WORK TO COMPLETE
Pictures are to be left out, and only the lines below starting at the one with "客人参观机械(金山)实训基地三D打印设备" and ending at the one with "El **Belkin BoostCharge" are to be reproduced, each exactly, both ends included.

INPUT MATERIAL
=== Section Start ===

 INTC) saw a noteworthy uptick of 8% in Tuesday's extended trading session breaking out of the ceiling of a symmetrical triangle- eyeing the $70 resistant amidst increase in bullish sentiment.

=== Section End ===
=== Section Start ===

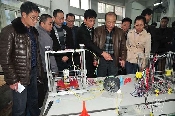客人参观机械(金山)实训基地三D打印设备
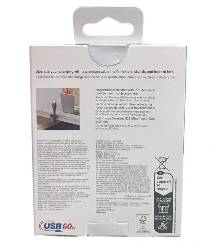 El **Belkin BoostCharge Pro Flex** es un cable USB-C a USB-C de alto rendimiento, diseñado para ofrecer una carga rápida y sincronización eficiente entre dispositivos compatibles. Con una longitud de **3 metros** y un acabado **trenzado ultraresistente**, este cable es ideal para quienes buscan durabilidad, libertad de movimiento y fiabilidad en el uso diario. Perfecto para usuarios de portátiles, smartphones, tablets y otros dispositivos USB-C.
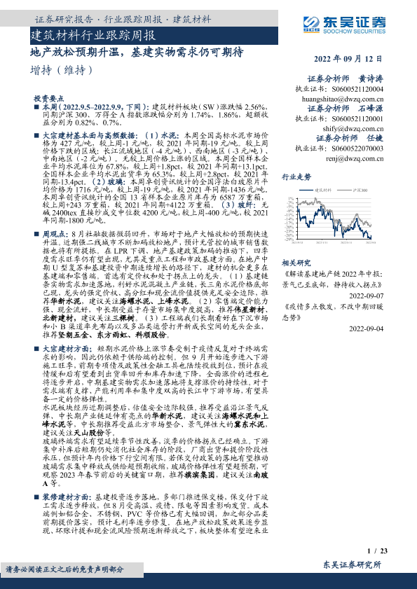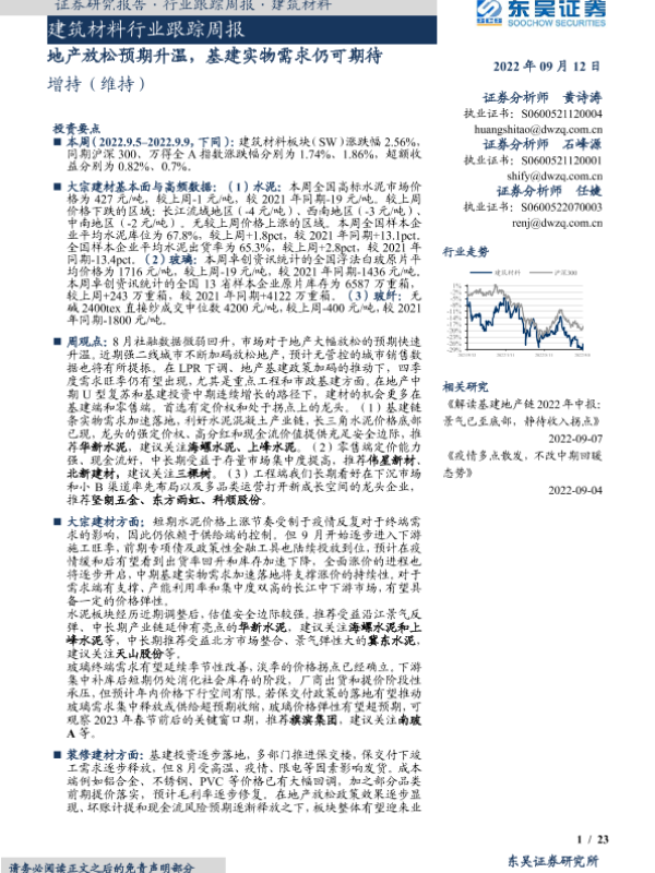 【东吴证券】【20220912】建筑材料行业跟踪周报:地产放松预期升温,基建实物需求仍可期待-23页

=== Section End ===
=== Section Start ===

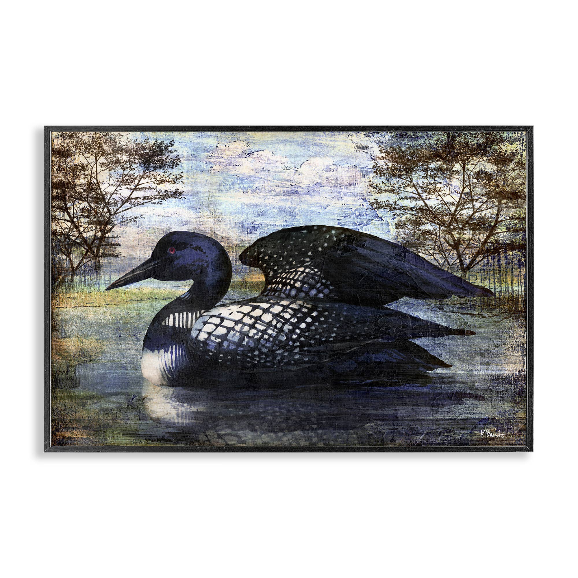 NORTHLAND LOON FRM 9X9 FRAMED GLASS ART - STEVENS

=== Section End ===

ANSWER TO THE PROBLEM
客人参观机械(金山)实训基地三D打印设备
 El **Belkin BoostCharge Pro Flex** es un cable USB-C a USB-C de alto rendimiento, diseñado para ofrecer una carga rápida y sincronización eficiente entre dispositivos compatibles. Con una longitud de **3 metros** y un acabado **trenzado ultraresistente**, este cable es ideal para quienes buscan durabilidad, libertad de movimiento y fiabilidad en el uso diario. Perfecto para usuarios de portátiles, smartphones, tablets y otros dispositivos USB-C.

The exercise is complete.